Once I arrived in the deGrasse System, I scanned it from my ship to determine if there was a player-base available to explore. There was, owned by player PLOTKING, on the planet renamed “Pr” discovered by player Broxi_Bear1872.
Occupied/shared bases appear on a player’s HUD as a black flag with two white dots. Players can aim for this location, and when they land, can enter the shared base to sign the guest register. I have done this before on a base in Drogradur, which is why I was surprised not to see a base at all upon approaching the flag icon.
I do not yet know the original disposition of atmosphere and resources on planet Pr, but in its current state, the world is without atmosphere, and is mostly sand, arches, and canyons.
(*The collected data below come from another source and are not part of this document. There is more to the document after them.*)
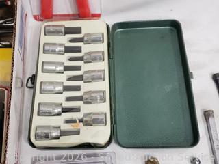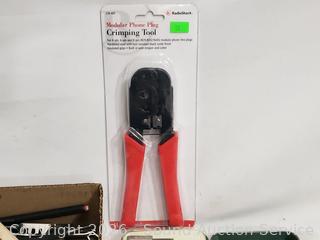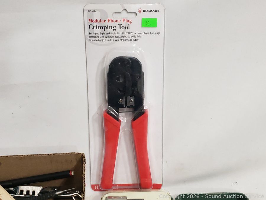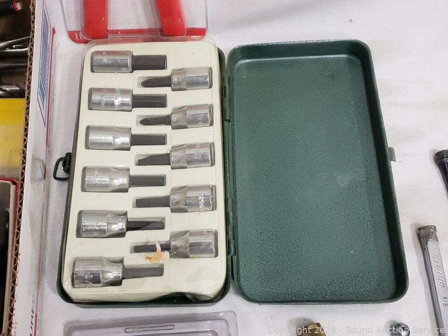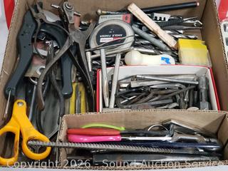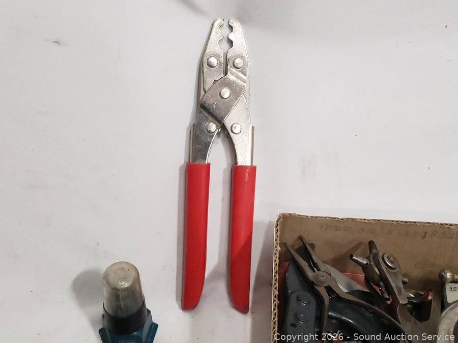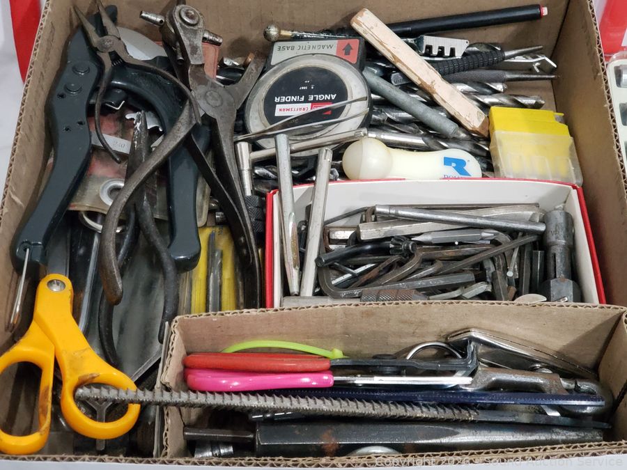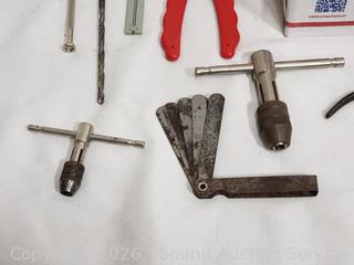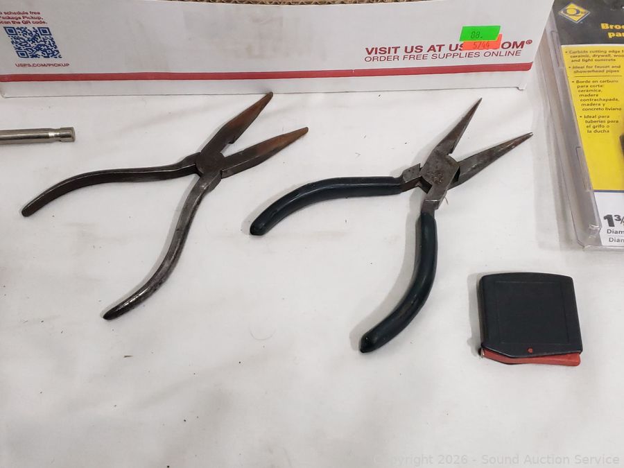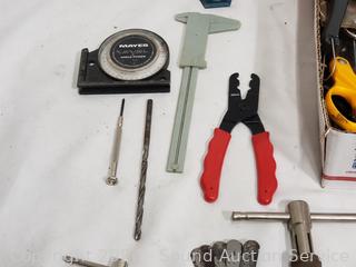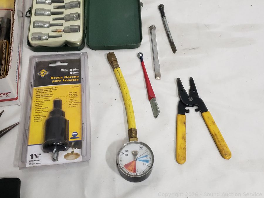 Hole saw bit, crimping tool, hex keys, needle nose plyers, rasp, etc. Refer to photos for lot contents, more details.
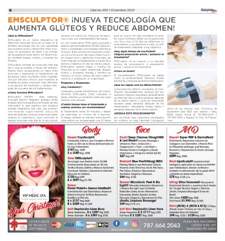 ción muscular “supra máxima”. Utiliza una El Tratamiento toma 30 minutos y deben Diciembre Solo $125 (por sesión) / Reg.
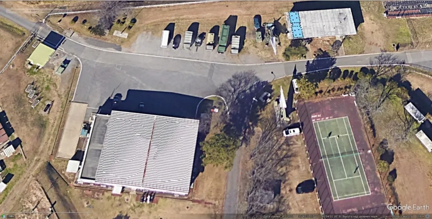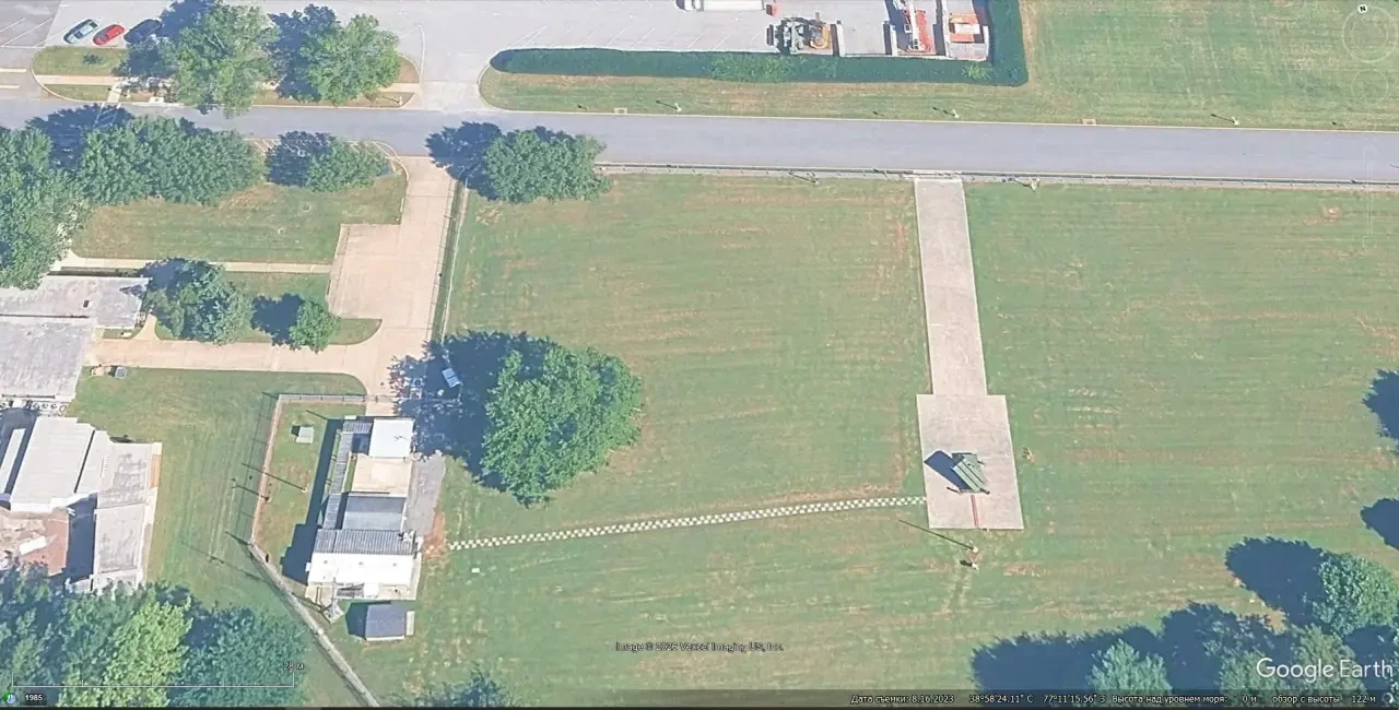 Спутниковый снимок Googlе Earth: пусковая установка ЗРК NASAMS на испытательном объекте ВМС США David Taylor Model Basin к юго-западу от Вашингтона
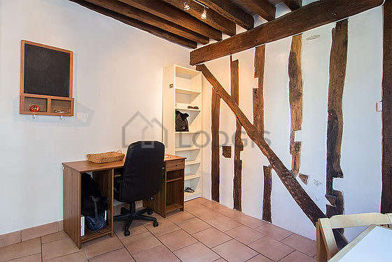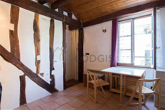 Este apartamento é composto de um salão com azuleijo no piso é janelas é vista sobre rua. Este salão calmo mobiliado et equipado para uma agradável estância : 1 poltrona(s), mesa de jantar, secretária, roupeiro, prateleira, armário, 4 cadeira(s).
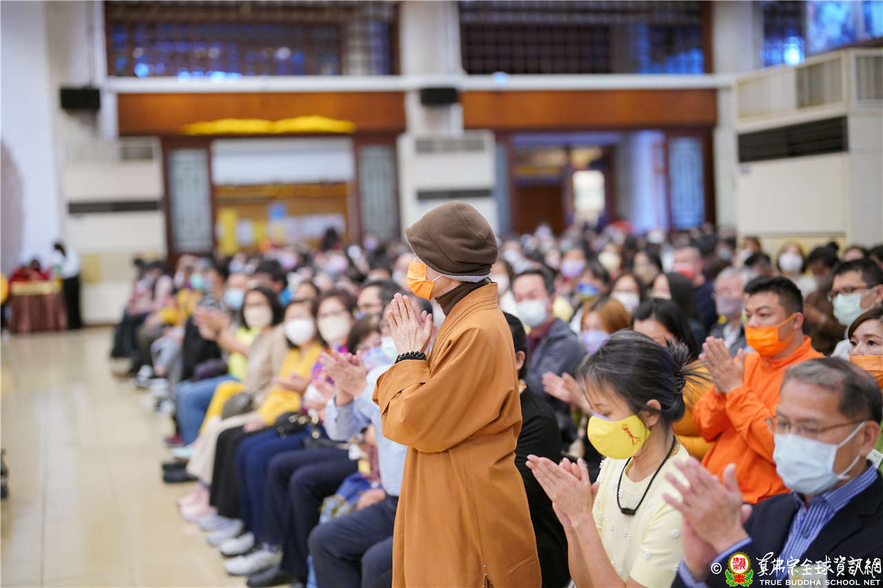 解答弟子的疑問後,法王繼續講解【維摩詰經】佛國品第一中的「爾時,一切大眾,睹佛神力,歎未曾有!合掌禮佛,瞻仰尊顏,目不暫捨。長者子寶積,即於佛前,以偈頌曰。」

It is devoid of plant and animal life with a light Sentinel presence.
Nearing the objective of PLOTKING’s base, a number of Communications Terminals appeared on my HUD. Players use these terminals to leave messages for others to find. A cluster of terminals like the one pictured above indicates the presence of a portal, a gateway for fast-travel between planets by use of glyphs.
I have observed this type of portal-clustering of terminals on Drogradur and its neighboring planet, so I expected to see a portal here, too. Oddly, even though icons for terminals and the base were visible, the actual structures were not.
I landed near the cluster, and then walked towards the flag for PLOTKING’s base.
Upon arriving at the base-flag, it became clear that the base was actually underground. I’ve seen this before, too, but on purpose, namely when excavating for crates at the sites of crashed freighters. No Man’s Sky v1.3 introduced these plus the “Terrain Manipulator” function for the multi-tool. Players can now build things out of materials they find on planets. But they can also excavate.
I set up my own Communication Terminal directly above where PLOTKING’s base should have been. I entered the date, site name, and NMS (but with a typo, which I cannot edit, intending for it to read “NMSAS”). I fully expected to tunnel down to the base, which was now trapped under about 50 m of sand thanks to the catastrophic event of v1.3.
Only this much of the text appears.